I am trying to understand the proof that the only normal subgroups of $S_5$ are $\{1\}$, $A_5$, and $S_5$. The proof starts as follows:
Suppose $H \trianglelefteq S_5$. Restrict $\operatorname{sgn}:S_5 \mapsto\{\pm 1\}$ to $H$. If $H \leq A_5$ then $H \trianglelefteq A_5$ (why??), so $H = \{1\}$ or $A_5$ because $A_5$ is simple. Thus, assume that $H$ contains both even and odd permutations, so that $H \cap A_5 \trianglelefteq A_5$. Thus, $H\cap A_5 = \{1\}$ or $A_5$. In the second case $H=S_5$. In the first case, $H \cong \{\pm 1\}$ (Why?
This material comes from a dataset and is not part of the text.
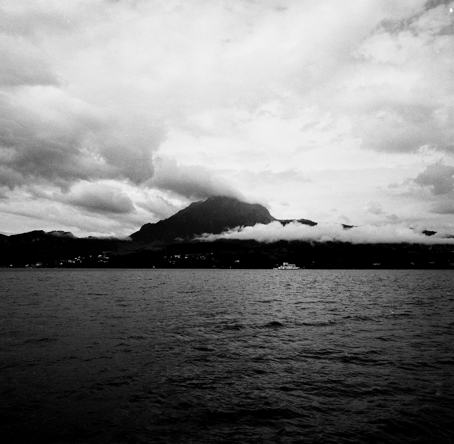 I was on a boat crossing Lake Lucerne when I made this photograph. The water was restless, the clouds heavy, and Mount Pilatus rose above it all, wrapped in a band of fog. It felt ancient, unmovable, almost indifferent. And that’s when it struck me: this mountain doesn’t care.

I don't understand the following part) because $\operatorname{sgn}:H \mapsto\{\pm 1\}$ is onto and $A_5 \cap H = \operatorname{Ker}(\operatorname{sgn})\cap H = \{1\}$. Thus, ... (I understand the rest of the proof)
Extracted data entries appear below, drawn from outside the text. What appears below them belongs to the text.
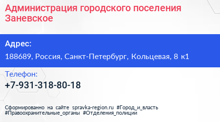 Администрация городского поселения Заневское по адресу 188689, Россия, Санкт-Петербург, Кольцевая, 8 к1 в дальнейшем Организация, размещена в следующих категориях:
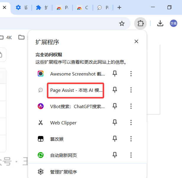 - 点击浏览器右上角的扩展程序图标,找到 Page Assist。
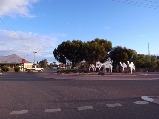 Norseman說起來其實沒有太大的觀光價值,城鎮的存在嚴格說起來最主要是為了給予準備進入、或已經離開納拉伯的車輛的補給站,以及支援著附近的礦坑運作。兩個月前會決定到Norseman來純粹就只是因為我們在outback的旅遊介紹中看見了這幾隻由金屬鋁製作而成的波紋駱駝,順便感受著內陸的荒漠。
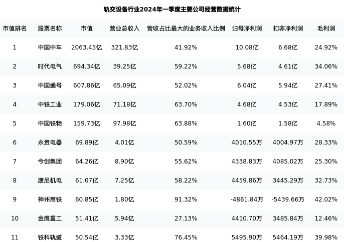 铁科轨道最新报告期数据为一季度,下表汇总了轨交设备行业内市值靠前的公司一季度主要经营数据

I would appreciate help understand the parts in bold. Thanks!
For the first part, if $H \trianglelefteq S_5$ and we have $H \leq A_5 \leq S_5$, then $H \trianglelefteq A_5$. This is because if $sHs^{-1} \in H$ for each $s \in S_5$, then because $A_5$ is a subset of $S_5$, $aHa^{-1} \in H$ for each $a \in A_5$.
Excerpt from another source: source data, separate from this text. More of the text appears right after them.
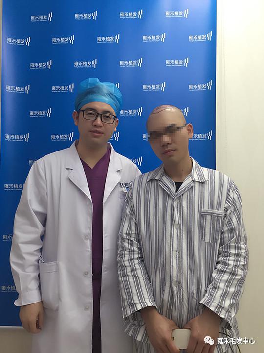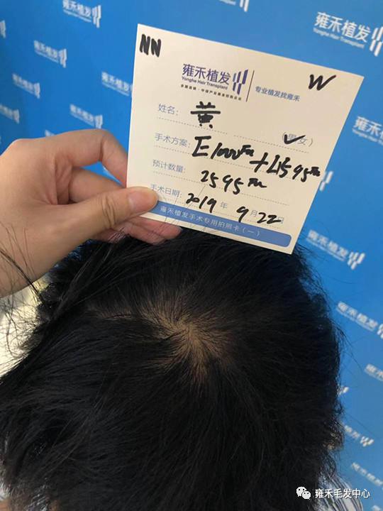 黄先生也就30岁吧,整个头顶秃了,一开始压力非常大,主要是没对象,随便找了一个小植发医院种头发,以为一般医院都能植发,结果手术失败。他第一次来南宁雍禾,一口一个“植发选医院太重要了!”
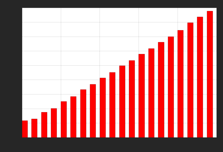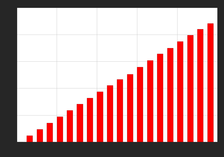 pylab.bar(portfolioSize, timeSpentNumpy, color = 'r', width = 300)
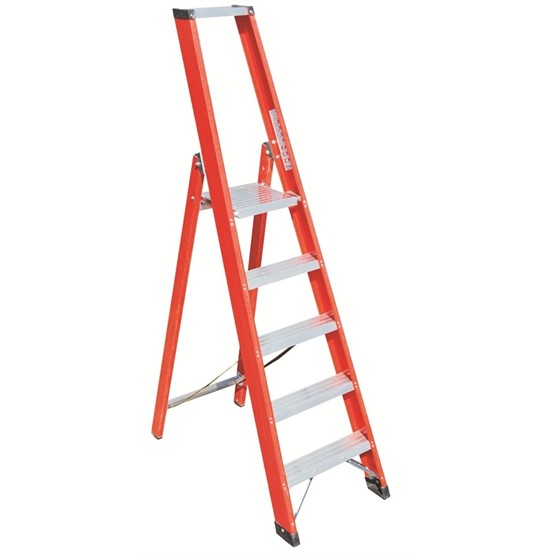 Caratteristiche: Scala in vetroresina ad una salita con parapetto di sicurezza frigerio V026/6 Rampa di salita e cavalletto con montanti in vetroresina per isolamento elettrico Larghezza gradino mm. 90 Gradini in alluminio con superficie anti-sdrucciolo 1 Montante in vetroresina mm. 95 Piattaforma in alluminio mm. 290 x 260 Parapetto di sicurezza regolamentare cm. 70 Vaschetta porta - oggetti in alluminio Piedini con superfice anti-scivolo Cintino anti-divaricamento in materiale sintetico Rinforzi alle estremità inferiori per irrigidire maggiormente la scala
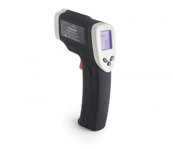 -Termómetro con láser infrarrojo, ideal para medir temperaturas sin contacto de forma precisa y segura.

In the second part, I'm not sure what it means for $H$ to be isomorphic to $\{\pm 1\}$ since $\{\pm 1\}$ are just the signs of the permutations and not group elements. Maybe the author is looking at the map $\operatorname{sgn} \colon H \to \{\pm1\}$ and saying that $H \cong \operatorname{Im}\operatorname{sgn}/\operatorname{Ker}\operatorname{sgn}$, and $\operatorname{Ker}\operatorname{sgn}$ has only a single element?